The above script will generate and print the following valid combinations of functions:

['tfidf_vectorizer', 'kmeans_clusterer', 'topbottom_sampler']
['tfidf_vectorizer', 'dbscan_clusterer', 'topbottom_sampler']
['count_vectorizer', 'kmeans_clusterer', 'topbottom_sampler']
['count_vectorizer', 'dbscan_clusterer', 'topbottom_sampler']
['None', 'None', 'random_sampler']

Input Structure

  • steps: A tuple where the first element is the label for the step (e.g., 'vectorizer', 'clusterer', 'sampler'), and the second element is a list of callable objects associated with that step. Each function can optionally be followed by a dictionary of labels.

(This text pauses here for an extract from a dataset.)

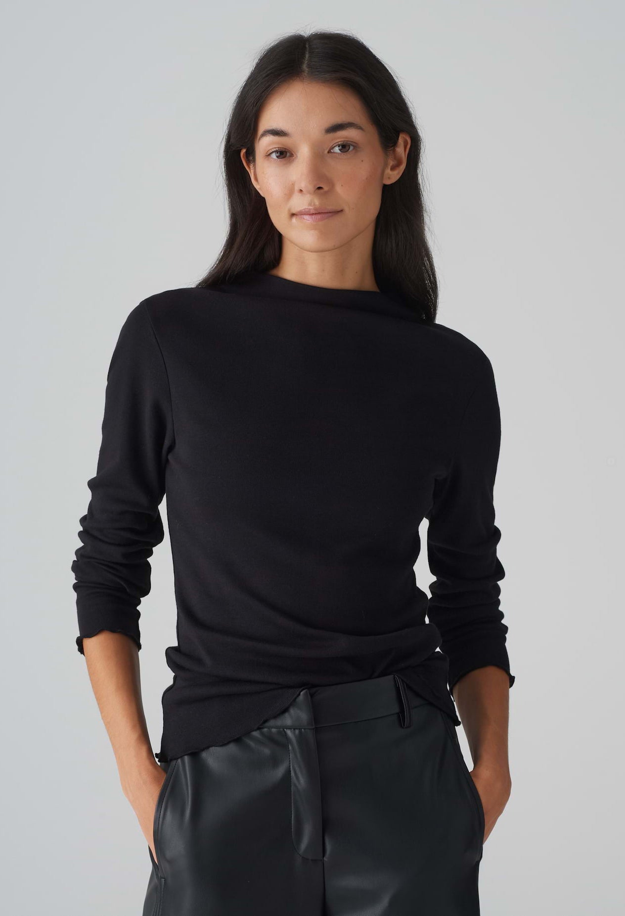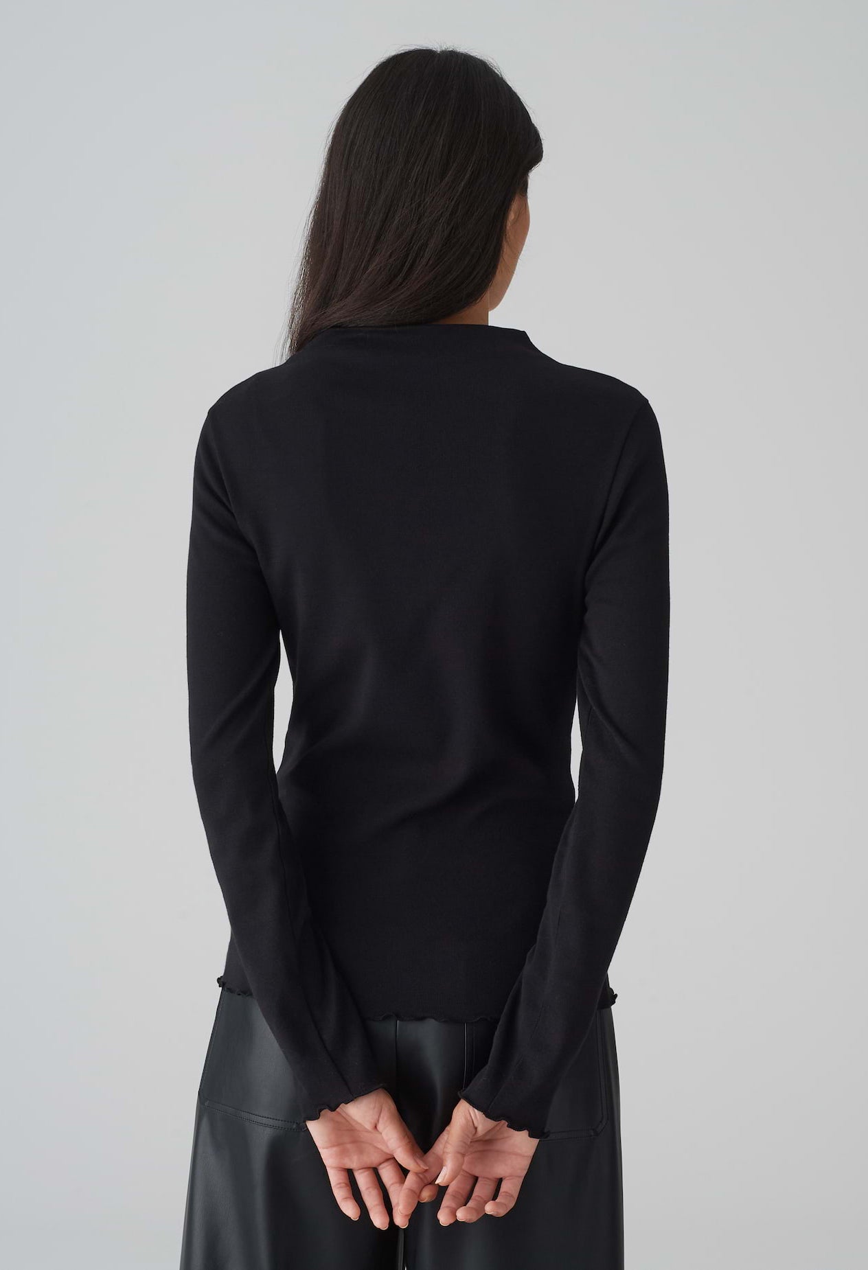 figure-hugging fit straight cut normal length Long sleeve Funnel Neck Back length approx. 64 cm for size 36 Model size 177 cm - wears size 36 fine ribbed structure elasticated fabric Rolled edges at the hem

    These callable objects can include functions, class methods, callable instances, or other similar entities. For example:

    • Functions: Standard or lambda functions can be used, such as [some_function] or [lambda x: x * 2].
    • External Library Functions: Functions or methods from third-party libraries can be included, such as [vectorizer.fit_transform].
    • Partial Functions: You can use functools.partial to create functions with pre-filled arguments, like [partial(some_function, multiplier=2)].
    • Class Methods: Methods from class instances can be used as steps, such as [my_instance.method].
    • Class Instances with Methods: You can pass instances of classes where the method is invoked later or the instance itself is callable through a __call__ method, such as [KMeansClusterer(num_clusters=100)].
  • conditions: A list of dictionaries defining conditions for valid combinations. Conditions can include:

    • 'require_if_label': Requires certain steps if a specific label is present on a callable object.
    • 'skip_if_label': Skips certain steps if a specific label is present on a callable object.
    • 'require_if_present': Requires certain steps if another step is present.

Output Structure

The output from the generate_combinations method is a list of tuples, where each tuple represents a valid combination of callable objects. Each element in the tuple corresponds to a callable object (or None if a step is skipped) from the respective step in the pipeline.

Changelog

[v1.1.0] - 2024-08-18

  • Added input validation feature.

[v1.0.0] - 2024-08-17

  • First version.

License

This project is licensed under the MIT License - see the LICENSE file for details.